** Exercise directions **
Below are entries; repeat exactly, and nothing else, the lines from the one holding "ランチ用のスペースは入口から" through the one holding "25日08時至26日08時,青藏高原中部", inclusive. Leave the pictures out.

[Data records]
┄┄┄┄┄┄┄┄┄┄┄┄┄┄┄┄┄┄┄┄

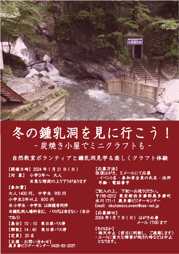 ●持ち物:動きやすい服装、防寒着(奥多摩の1月は日中8℃(冷蔵庫)くらいです)、手袋、帽子(鍾乳洞内で頭部を保護)、滑りにくく歩きやすい靴、雨具、昼食、飲み物、ライト、筆記用具、必要な方はマスク
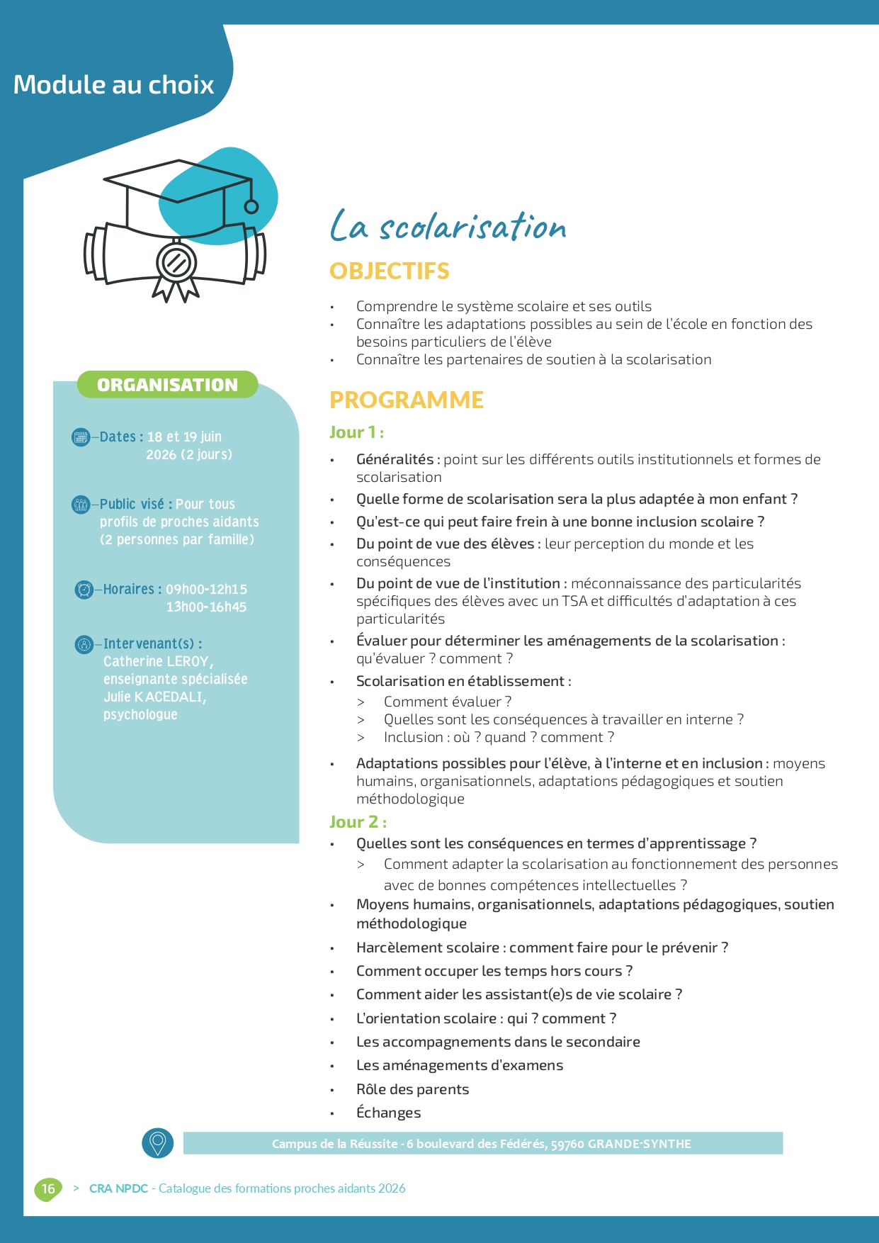 Le CRA vous propose une large gamme de formations adaptées à tous les profils : personnes avec TSA, familles, professionnels et étudiants.
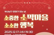 시민행정신문 기자 | 부산 남구는 오는 12월 17일 오후 2시 30분, 우암동 소막마을 주택에서 2025 남구 문화가 있는 날 '소중한 소막마을, 소소한 행복' 공연을 개최한다고 밝혔다. 이번 공연은 역사적 의미가 담긴 소막마을 주택을 지역 문화공간으로 활용하여, 주민들이 일상에서 자연스럽게 문화예술을 접할 수 있도록 마련됐다. 무대는 마술 풍선쇼, 합창, 퓨전국악, 트로트 등 다양한 장르로 구성되어 남녀노소 누구나 부담 없이 즐길 수 있는 무대로 꾸며진다. 특히 소막마을 주택의 아늑한 분위기가 더해져 ‘작지만 소중한 행복’을 나누는 따뜻한 연말 공연이 될 것으로 기대된다. 오은택 남구청장은 “일상 가까이에서 이웃과 함께 문화를 즐기는 경험은 지역 공동체의 정서 교류에 큰 의미가 있다”며 “많은 분이 오셔서 따뜻한 무대와 즐거운 공연을 함께하시길 바란다”고 전했다.
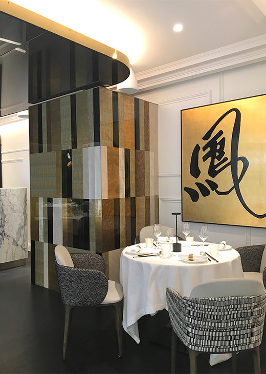 ランチ用のスペースは入口から入って右手にある。ここでは点心メニューがあるので、ひとりでもいろいろ味わえるのがうれしい。デザートまで5品で48ユーロあるいは70ユーロの2タイプがあり、どちらも各料理にワインをセットすることも可能だ(88ユーロ、110ユーロ)。あれこれおいしい料理を楽しみたいという時、点心メニューは心強い味方では?
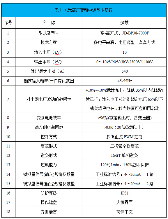 風光高壓變頻電源系統(tǒng),以高可靠性、易操作、高性能為設計目標。高壓變頻電源系統(tǒng)采用新IGBT功率器件,全數字化微機控制,有關電源基本參數如表1所示。
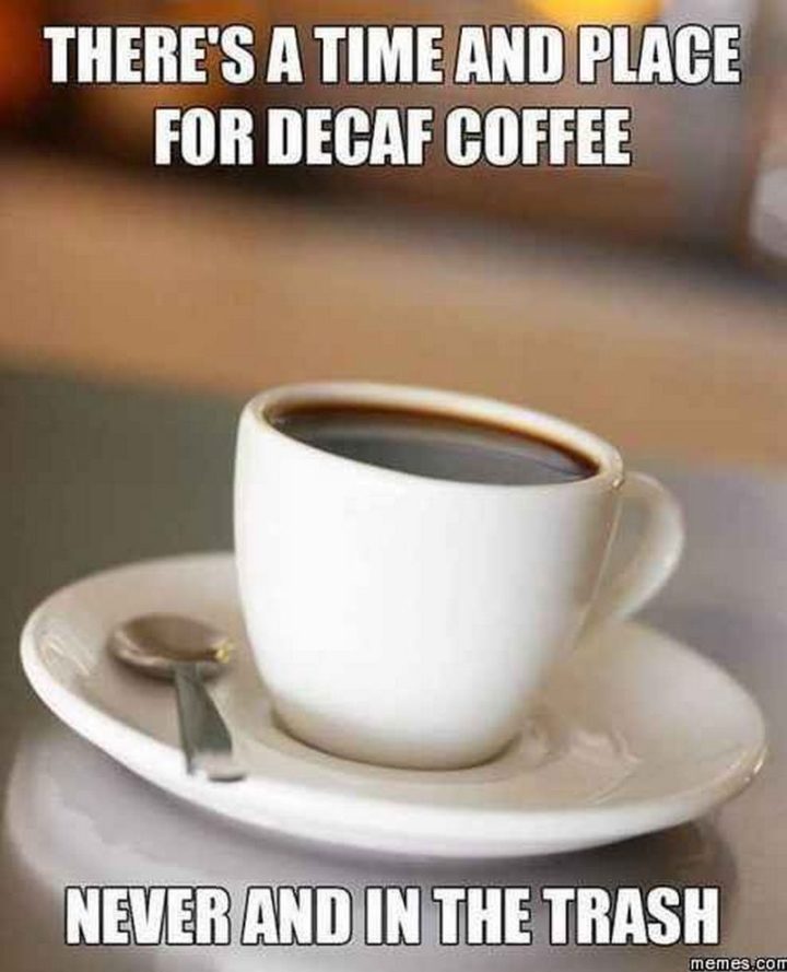 “There’s a time and place for decaf coffee. Never and in the trash.”
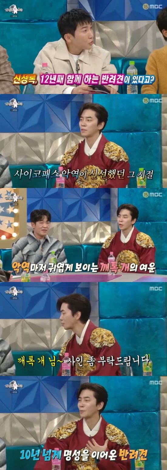 특히 신성록은 "'별에서 온 그대' 때 사이코패스 악역이 이슈가 됐다. 그때 어떤 분이 '카톡개를 닮았다'고 글을 올리셨다. 그러다 말 줄 알았는데, 최근에 저한테 '카톡개 님, 사인 좀 해주세요'라고 하더라. 10년이 넘어도 적응이 안된다"고 했다.
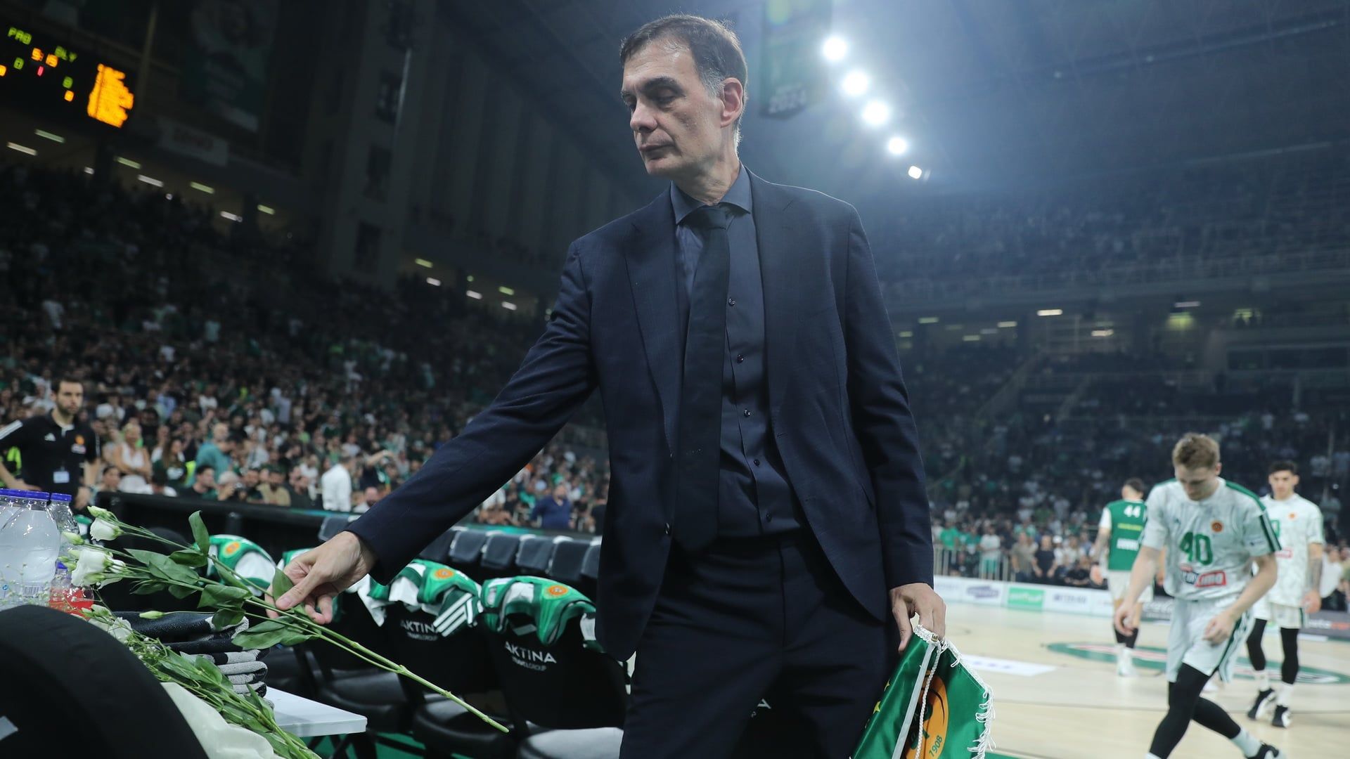 Ο Γιώργος Μπαρτζώκας και όλοι οι παίκτες των ερυθρόλευκων άφησαν ένα τριαντάφυλλο στην θέση του φροντιστή του Παναθηναϊκού και μια ανθοδέσμη προς τιμήν του προέδρου του Παναθηναϊκού.
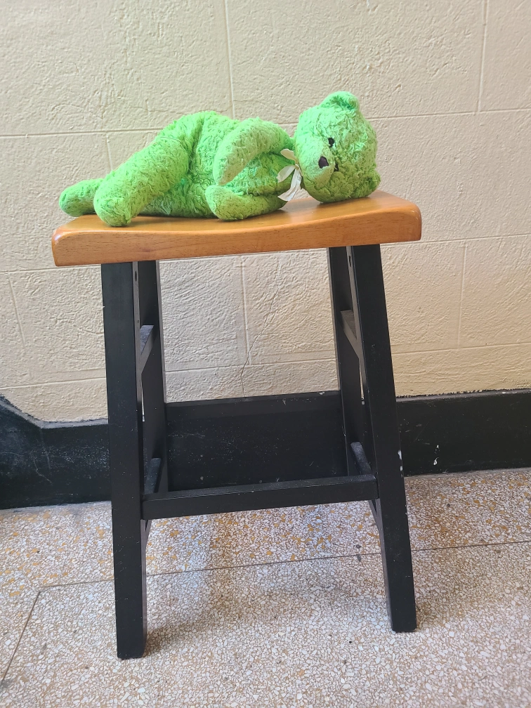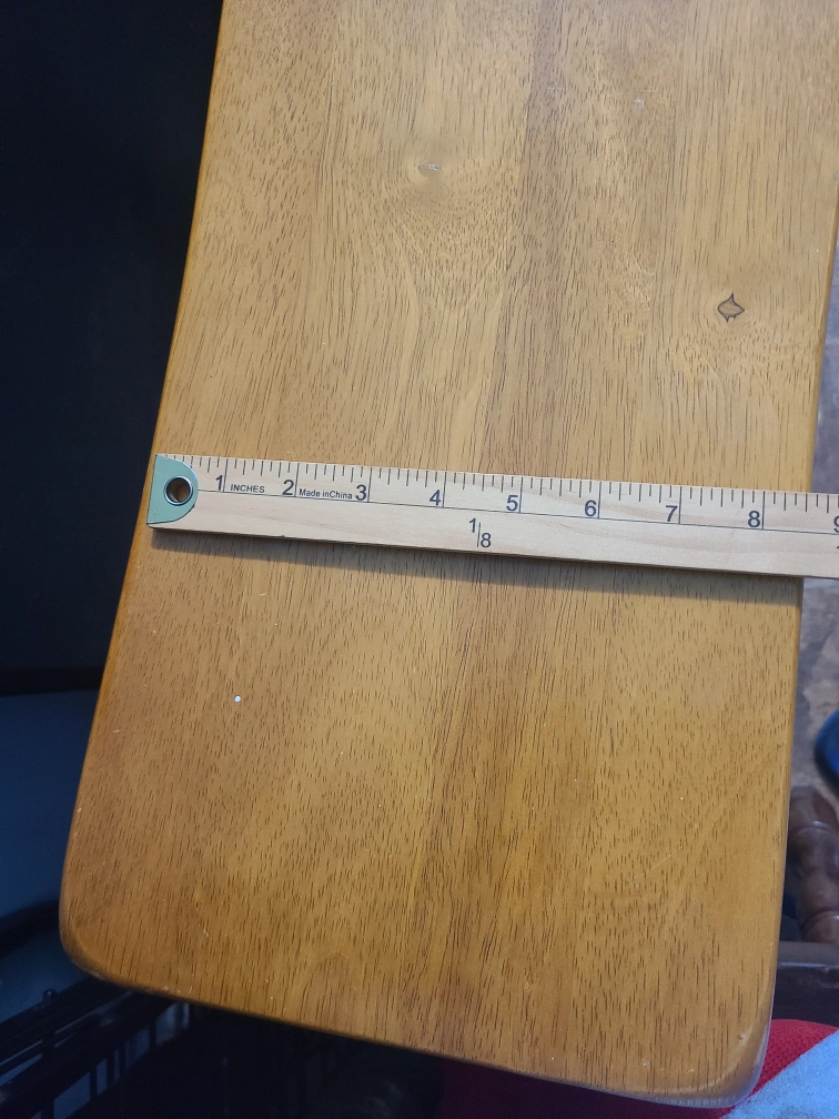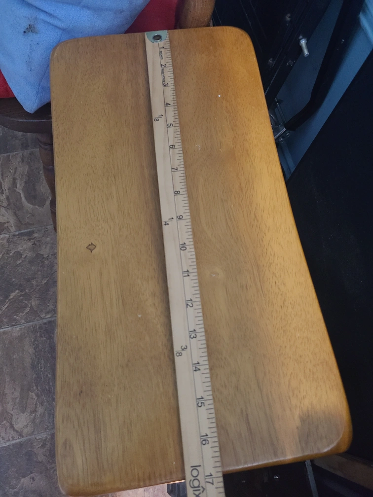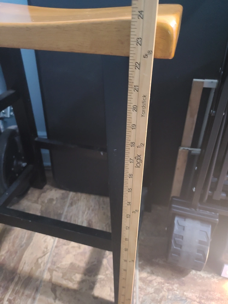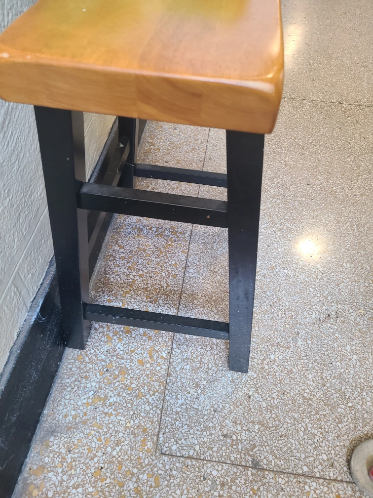 Selling a wooden stool that's perfect for adding a touch of rustic charm to your space! The stool has a light brown wooden top and black legs. The top measures approximately 17 inches in length and 8.5 inches in width. 24 inches tall.
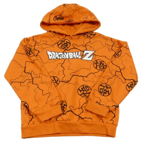 Oranžovo-čierna vzorovaná mikina s nápisom a kapucí - Dragonball
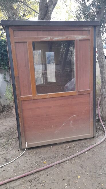 Küçük ticarət köşkü / boks - Metaldan yığma köşk, ön və yan hissələrdə dəmir barmaqlı pəncərələr - Ön tərəfdə iki qanadlı metal qapı - Üstü dalğalı sinklənmiş “şifer” tipli dam örtüyü, ön hissədə ...
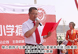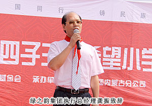 2011年7月20日,位于內(nèi)蒙古自治區(qū)烏蘭察布市的四子王旗熱鬧非凡--綠之韻四子王旗希望小學在此舉行隆重的捐贈儀式。內(nèi)蒙古自治區(qū)青少年發(fā)展基金會秘書長劉建忠、四子王旗旗委、常務副旗長蔚代青、政協(xié)副主席于有升、四子王旗工商局局長董明、副局長賈晉峰等政府領(lǐng)導及各界媒體嘉賓蒞臨,綠之韻集團董事長胡國安、執(zhí)行總經(jīng)理龔振、綠之韻慈善基金總執(zhí)行戴曉彥不遠萬里趕赴捐贈現(xiàn)場,內(nèi)蒙古分公司經(jīng)理候立新、內(nèi)蒙古地區(qū)愛心大使代表王連坤、郝建兵、張聞英以及2000余名綠之韻愛心大使參與愛心傳遞。
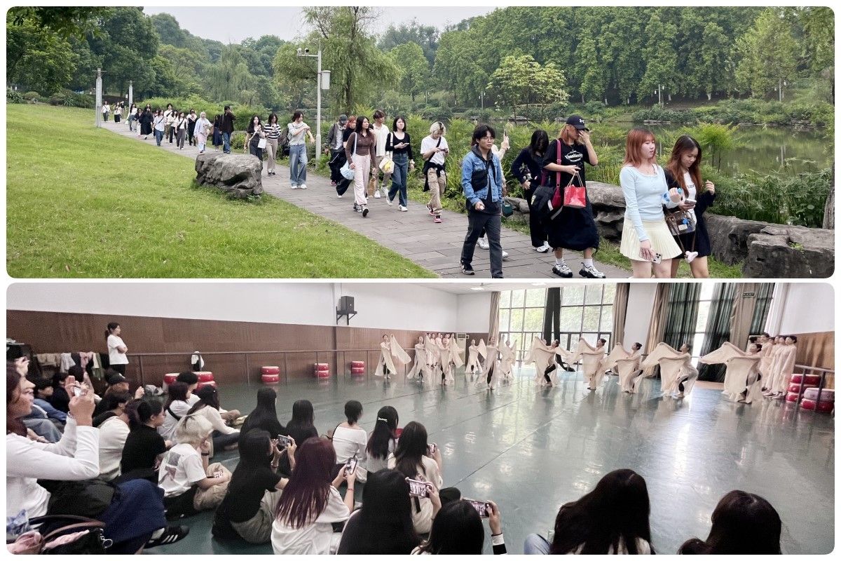 师生们参观了陶艺实验室与装裱实验室,还观摩了舞蹈系师生的排练,欣赏了充满中国传统文化韵味的舞蹈表演。
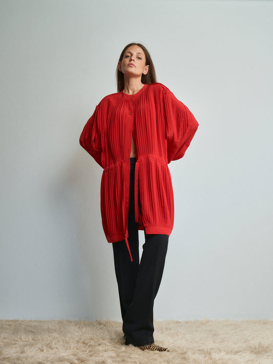 Giacca in tessuto plissettato con coulisse in vita girocollo
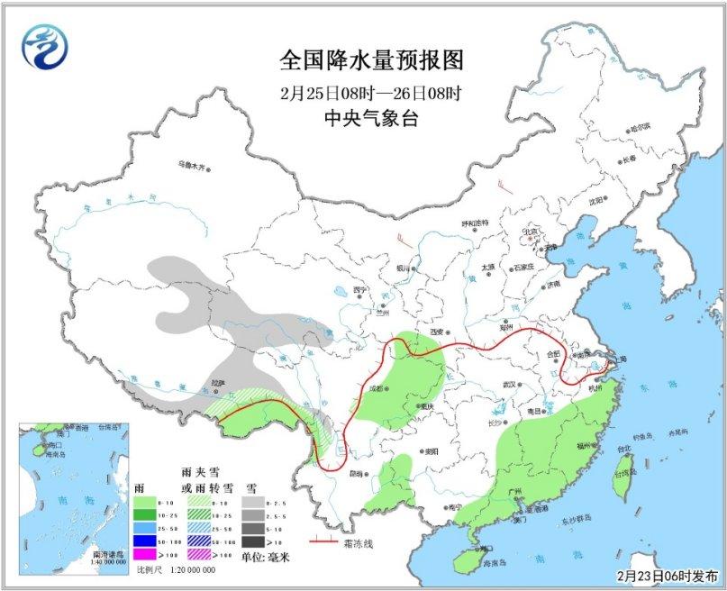 25日08時至26日08時,青藏高原中部和南部等地有小雪或雨夾雪;西北地區(qū)東南部、四川盆地、江南南部、華南中東部、云南西北部和東南部、海南島、臺灣等地有小雨。內蒙古中西部等地有4~5級風。
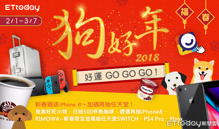 咚咚隆咚鏘!農曆新年要到了!這時就是要來試試手氣呀!然而除了買彩卷外,《ETtoday新聞雲》App連續5周也舉辦了「狗好年~好運GOGOGO!」活動,除了日日抽500杯暖心療癒熱咖啡,還祭出周周抽好禮,包含4支iPhone 8、3個RIMOWA行李箱、80張威秀影城電影票、120個哈根達斯冰淇淋等;甚至在新春限定期間還有刮刮樂加碼抽,不論是任天堂SWITCH,或是PS4 Pro、Xbox等遊戲大獎,通通要送給你啦!
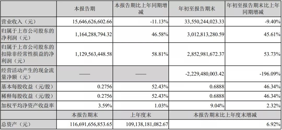 第三季度公司實現(xiàn)營業(yè)收入約156.47億元,同比下降11.13%。實現(xiàn)歸屬于上市公司股東的凈利潤約11.64億元,同比增長46.58%。實現(xiàn)基本每股收益0.2756元,同比增長52.43%。
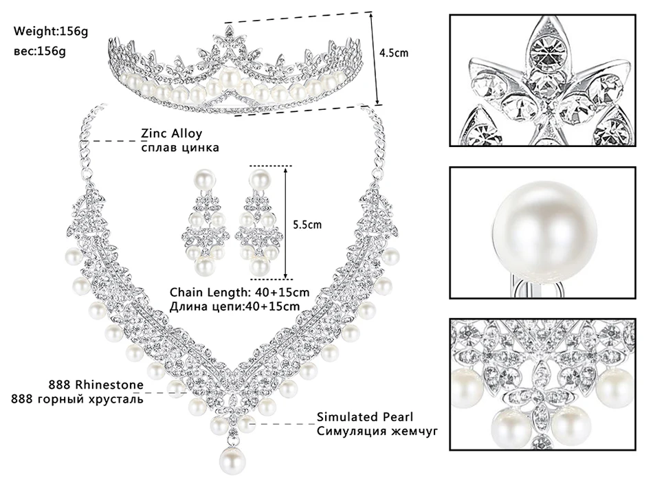 Included Additional Item Description:1pcs necklace + 1 pair earrings + 1pcs Tiara
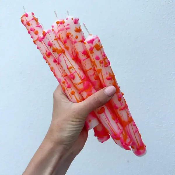 Ethically produced, 100% vegan, and cruelty-free candles. Our Splash Dinner Candles are no exception. This 3-pack of tapered candles adds a vibrant touch to any setting. Handmade and customised in Cornwall, these candles not only illuminate but also contribute to a more sustainable planet with their planet-friendly packaging. Enjoy the warm, Cornish Glow with these exquisite candles.
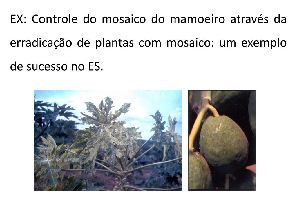 EX: Controle do mosaico do mamoeiro através da erradicação de plantas com mosaico: um exemplo de sucesso no ES.
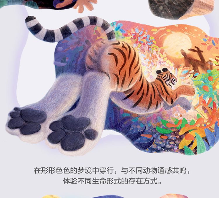 欢迎来到野性而自由的梦之乐园。在这里,你是一只睡眼惺忪的蝾螈、一只欢快舞动的章鱼、一只飞驰的游隼……甚至是一只悄然潜行的老虎或一个顽皮的小孩儿。翻开书页,你将在一个个梦境中穿行,沉浸体验不同动物的感官奇境;在无尽的梦之宇宙里怡然自适,既甜甜酣睡,又神智清明……

┄┄┄┄┄┄┄┄┄┄┄┄┄┄┄┄┄┄┄┄

** Response to the task **
 ランチ用のスペースは入口から入って右手にある。ここでは点心メニューがあるので、ひとりでもいろいろ味わえるのがうれしい。デザートまで5品で48ユーロあるいは70ユーロの2タイプがあり、どちらも各料理にワインをセットすることも可能だ(88ユーロ、110ユーロ)。あれこれおいしい料理を楽しみたいという時、点心メニューは心強い味方では?
 風光高壓變頻電源系統(tǒng),以高可靠性、易操作、高性能為設計目標。高壓變頻電源系統(tǒng)采用新IGBT功率器件,全數字化微機控制,有關電源基本參數如表1所示。
 “There’s a time and place for decaf coffee. Never and in the trash.”
 특히 신성록은 "'별에서 온 그대' 때 사이코패스 악역이 이슈가 됐다. 그때 어떤 분이 '카톡개를 닮았다'고 글을 올리셨다. 그러다 말 줄 알았는데, 최근에 저한테 '카톡개 님, 사인 좀 해주세요'라고 하더라. 10년이 넘어도 적응이 안된다"고 했다.
 Ο Γιώργος Μπαρτζώκας και όλοι οι παίκτες των ερυθρόλευκων άφησαν ένα τριαντάφυλλο στην θέση του φροντιστή του Παναθηναϊκού και μια ανθοδέσμη προς τιμήν του προέδρου του Παναθηναϊκού.
 Selling a wooden stool that's perfect for adding a touch of rustic charm to your space! The stool has a light brown wooden top and black legs. The top measures approximately 17 inches in length and 8.5 inches in width. 24 inches tall.
 Oranžovo-čierna vzorovaná mikina s nápisom a kapucí - Dragonball
 Küçük ticarət köşkü / boks - Metaldan yığma köşk, ön və yan hissələrdə dəmir barmaqlı pəncərələr - Ön tərəfdə iki qanadlı metal qapı - Üstü dalğalı sinklənmiş “şifer” tipli dam örtüyü, ön hissədə ...
 2011年7月20日,位于內(nèi)蒙古自治區(qū)烏蘭察布市的四子王旗熱鬧非凡--綠之韻四子王旗希望小學在此舉行隆重的捐贈儀式。內(nèi)蒙古自治區(qū)青少年發(fā)展基金會秘書長劉建忠、四子王旗旗委、常務副旗長蔚代青、政協(xié)副主席于有升、四子王旗工商局局長董明、副局長賈晉峰等政府領(lǐng)導及各界媒體嘉賓蒞臨,綠之韻集團董事長胡國安、執(zhí)行總經(jīng)理龔振、綠之韻慈善基金總執(zhí)行戴曉彥不遠萬里趕赴捐贈現(xiàn)場,內(nèi)蒙古分公司經(jīng)理候立新、內(nèi)蒙古地區(qū)愛心大使代表王連坤、郝建兵、張聞英以及2000余名綠之韻愛心大使參與愛心傳遞。
 师生们参观了陶艺实验室与装裱实验室,还观摩了舞蹈系师生的排练,欣赏了充满中国传统文化韵味的舞蹈表演。
 Giacca in tessuto plissettato con coulisse in vita girocollo
 25日08時至26日08時,青藏高原中部和南部等地有小雪或雨夾雪;西北地區(qū)東南部、四川盆地、江南南部、華南中東部、云南西北部和東南部、海南島、臺灣等地有小雨。內蒙古中西部等地有4~5級風。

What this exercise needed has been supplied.